Ce projet s’inscrit dans le contexte du cancer colorectal, un enjeu majeur de santé publique à l’échelle mondiale et nationale, caractérisé par une incidence élevée et une mortalité encore importante. Bien que les métastases cérébrales soient relativement rares (3–4 % des patients), leur incidence augmente et elles restent associées à un pronostic défavorable, en partie en raison de la barrière hémato-encéphalique qui limite l’efficacité des traitements.

Le projet repose sur l’étude des petites vésicules extracellulaires (pVEs), aujourd’hui reconnues comme des acteurs clés de la communication tumorale et de la dissémination métastatique.
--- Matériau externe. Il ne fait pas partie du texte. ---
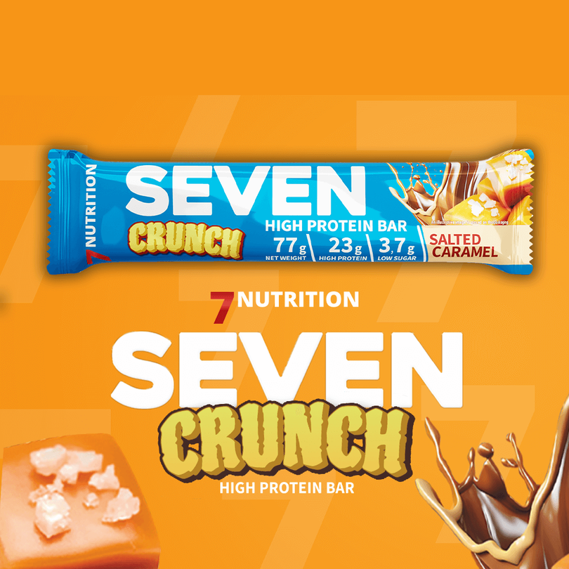 Szukasz wysokobiałkowej przekąski, która naprawdę syci i smakuje jak cheat meal? 7Nutrition Seven Protein Bar o smaku słonego karmelu to baton białkowy klasy premium, który dostarcza aż 23 g pełnowartościowego białka, a jednocześnie zachwyca swoją konsystencją i intensywnym smakiem - bez kompromisów. Stworzony z myślą o osobach aktywnych, dbających o sylwetkę i tych, którzy nie chcą rezygnować z przyjemności nawet na diecie.
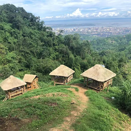 セブ動物園から4.5キロメートル離れた所離れた場所に位置する寝室1室のAguanga Cabin At Threesome Cafe セブ市では、テラスでリラックスすることができます。
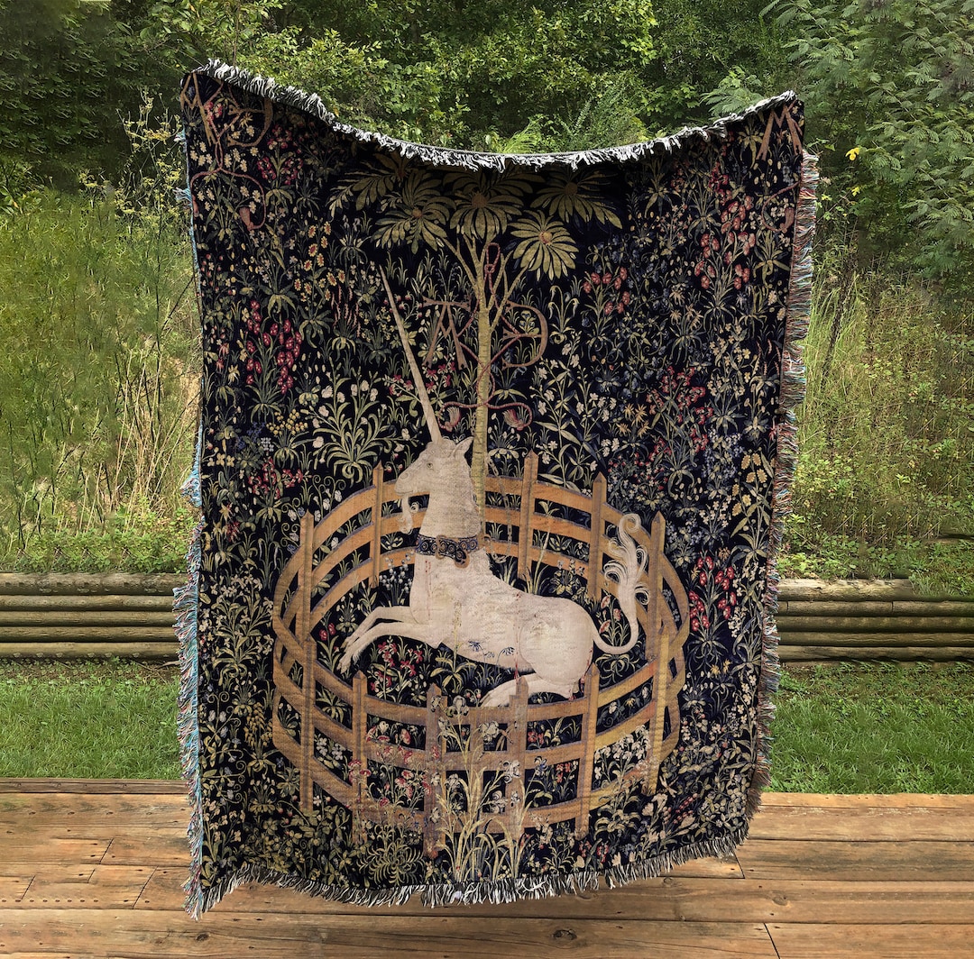 118.00 USD The Unicorn in Captivity The seven individual hangings known as "The Unicorn Tapestries," are among the most beautiful and complex works of art from the late Middle Ages that survive. Luxuriously woven in fine wool and silk with silver and gilded threads, the tapestries vividly depict scenes associated with a hunt for the elusive, magical unicorn. "The Unicorn in Captivity" may have been created as a single image rather than part of a series. In this instance, the unicorn probably represents the beloved tamed. He is tethered to a tree and constrained by a fence, but the chain is not secure and the fence is low enough to leap over: The unicorn could escape if he wished. Clearly, however, his confinement is a happy one, to which the ripe, seed-laden pomegranates in the tree—a medieval symbol of fertility and marriage—testify. The red stains on his flank do not appear to be blood, as there are no visible wounds like those in the hunting series; rather, they represent juice dripping from bursting pomegranates above. Many of the other plants represented here, such as wild orchid, bistort, and thistle, echo this theme of marriage and procreation: they were acclaimed in the Middle Ages as fertility aids for both men and women. Everything is customizable. If you need a different color just ask. All Measurements are in inches. 50 x 60 inch Woven Cotton Blanket - Medieval Unicorn Tapestry Made from 100% cotton loom pattern tapestry or blanket. Machine wash in cold water using mild detergent and gentle cycle only. Do not bleach or tumble dry. Packaged in a protective box. These Woven Blankets can also be hung as a Tapestry on your wall by using command strips. Final product may vary in color or detail from mock-up due to woven process. The fringe on the outside of Blankets are alternating white and black strands. If you would like a different graphic on your tapestry, contact me for a custom listing! ***Please contact me to set up a custom order if you need an item delivered faster*** PRINTED AND SENT FROM THE USA Images on mockups may look different than the final product due to the weaving process. ***Please double check the address you have on file with Etsy before placing your order.***

Ces nanovésicules, sécrétées par les cellules tumorales, transportent protéines et matériel génétique capables de reprogrammer les cellules cibles et de préparer des niches prémétastatiques. Des données préliminaires originales du laboratoire montrent que les pVEs issues de métastases cérébrales présentent une signature protéique spécifique, sont produites en plus grande quantité, et induisent des propriétés de type cellules souches dans des cellules tumorales, suggérant un rôle actif dans la colonisation cérébrale.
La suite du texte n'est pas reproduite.